In addition, the smaller MoE model Qwen3-30B-A3B has only 10% of the active parameters compared to Qwen3-32B, yet delivers even better performance. Even smaller models like Qwen3-4B can rival the performance of Qwen2.5-72B-Instruct.

While significantly improving performance, Qwen3 has also greatly reduced deployment costs—requiring only four H20 GPUs to run at full capacity, with memory usage just one-third that of other models with comparable performance.

The development team also provided some recommended setups in their blog:
“For deployment, we recommend frameworks like SGLang and vLLM; for local use, tools such as Ollama, LMStudio, MLX, llama.cpp, and KTransformers are highly recommended. These options ensure users can easily integrate Qwen3 into their workflows, whether for research, development, or production environments.”

The team stated:

“The release and open-sourcing of Qwen3 will greatly accelerate research and development in large foundation models. Our goal is to empower researchers, developers, and organizations around the world to leverage these cutting-edge models to build innovative solutions.”

Qwen’s technical lead, Junyang Lin, also shared additional details about the development of Qwen3.

He noted that the team spent considerable time addressing less glamorous but critical challenges, such as how to scale reinforcement learning through stable training, how to balance data from different domains, and how to improve support for more languages.

He expressed his hope that users would enjoy the Qwen3 models and discover interesting insights through them.
He also mentioned that the team is moving into the next phase: training agents to enhance long-range reasoning while focusing more on real-world tasks.

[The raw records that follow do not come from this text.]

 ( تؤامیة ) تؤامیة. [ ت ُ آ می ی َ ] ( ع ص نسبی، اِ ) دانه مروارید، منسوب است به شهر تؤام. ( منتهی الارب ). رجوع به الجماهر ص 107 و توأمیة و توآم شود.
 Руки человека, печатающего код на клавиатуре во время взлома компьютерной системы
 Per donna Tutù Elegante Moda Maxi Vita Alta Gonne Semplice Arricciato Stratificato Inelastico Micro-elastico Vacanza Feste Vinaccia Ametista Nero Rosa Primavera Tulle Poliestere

Of course, the development team also plans to release the technical report and training recipes for the Qwen3 models in the future.

User Feedback and Hands-on Testing

Just like the previous generation of Qwen models, the release of Qwen3 has once again captured the attention of the global AI and open-source communities, and the overwhelming response has been highly positive.

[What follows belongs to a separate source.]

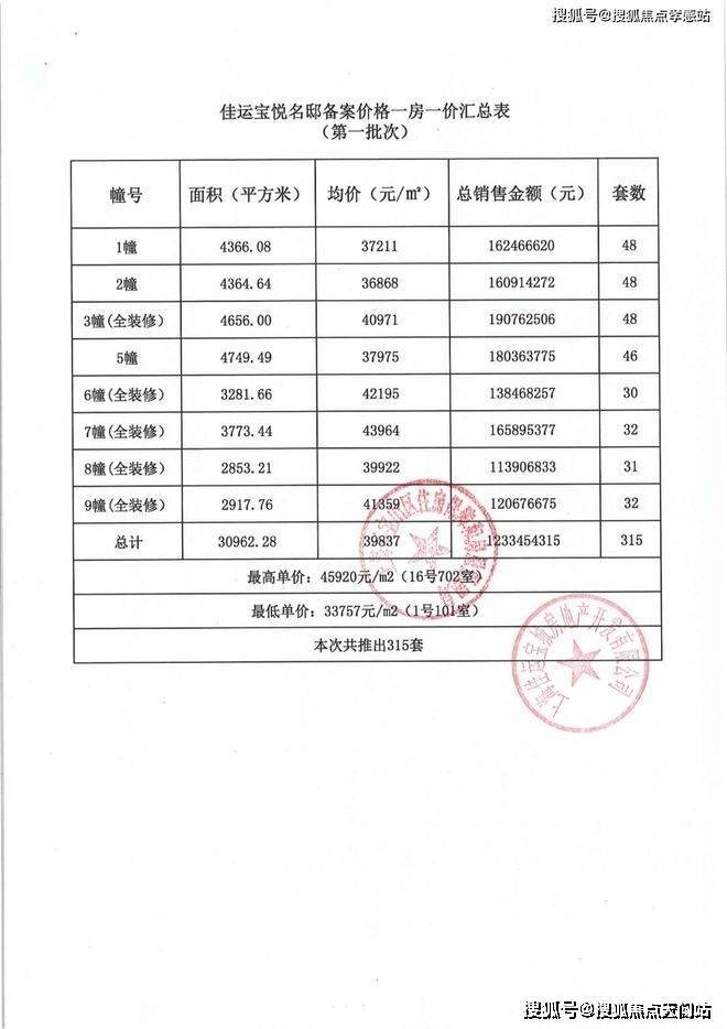 一房一价表:

So how does it actually perform?
Synced (机器之心) also conducted some simple hands-on tests.

Starting with a basic reasoning question, Qwen3-235B-A22B handled it with ease, just as expected.

Next, we tried a more complex programming task: writing a pixel-style Snake game.
There was an additional requirement — a honey badger would chase the snake controlled by the player, and if the snake was bitten, it would lose half of its length.
The game would end if the snake hit a wall, bit itself, or its length dropped below two.

Qwen3-235B-A22B took about three minutes to complete this task.
A quick playthrough showed that the game was basically playable, though there were some bugs—for example, the honey badger moved too fast.
However, considering that this was a one-shot result generated by Qwen3-235B-A22B with only a simple prompt, the performance was entirely acceptable.
With more refined prompt engineering and iterative optimization, even better results can surely be achieved.

We also conducted a simple test of Qwen3’s smallest model, Qwen 0.6B, using Ollama.

Three Core Highlights

The Qwen3 models bring significant enhancements across multiple dimensions.

First, they support two distinct reasoning modes:

Reasoning Mode:
The model reasons step-by-step and produces a thoughtful final answer, especially suited for complex problems requiring deep analysis.
Non-Reasoning Mode:
The model provides rapid, near-instant responses, ideal for simpler tasks where speed is prioritized over depth.

This flexibility allows users to control the model's "degree of thinking" based on the task. Complex problems can be handled with extended reasoning steps, while simple questions can be answered quickly without unnecessary delay.

Importantly, combining these two modes greatly improves the model’s ability to stably and efficiently manage "reasoning budgets".
The scalable and smooth performance improvements shown by Qwen3 are directly linked to how computational reasoning resources are allocated.
This design enables users to more easily allocate specific budgets for different tasks, achieving a better balance between cost efficiency and reasoning quality.

The following figure shows the trends in reasoning budget usage between the non-reasoning and reasoning modes across benchmarks such as AIME24, AIME25, LiveCodeBench (v5), and GPQA Diamond.

Second, Qwen3 models now support a broader range of languages.

Currently, Qwen3 models support 119 languages and dialects.
The enhanced multilingual capabilities open up new possibilities for international applications, enabling a wider range of global users to experience the full power of the models.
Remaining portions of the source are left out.